On the Domain Policy page you can define how SSH Tectia Server handles the user name when a client user tries to log in without specifying the prefix (indicating a local or domain user account). This setting defines where the server will look for the user account, and how it will fill in the missing prefix part.

Figure 4.7. SSH Tectia Server Configuration - Domain Policy page

SSH Tectia Server automatically lists of all domains where the local machine is part of, and places them into the Locations not checked field.

Move the relevant domains to the Locations checked field and arrange them to an order of preference. When a user logs in without a prefix, the user name is searched under the listed domains from top down. When a match is found, the rest of the domains are discarded. If no matching user accounts are found, authentication fails.

Option Default domain means that a user without a specified prefix will be treated as a domain user, and the default domain name of the local machine is added to the user name (username → defaultdomain_name\username).

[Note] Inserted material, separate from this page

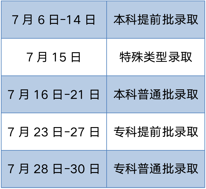 3.高职(专科)批院校录取:7月25日至8月1日。

Option Local machine means that a user without a specified prefix will be treated as a local user (username → localmachine_name\username).

You can move unwanted domains to the Locations not checked list. These domains are not checked when searching for the user account.

If nothing is defined in the Locations checked list, SSH Tectia Server first checks if the user name is valid in the default domain, and if no match is found, the user will be treated as a local user with the local machine name as the prefix.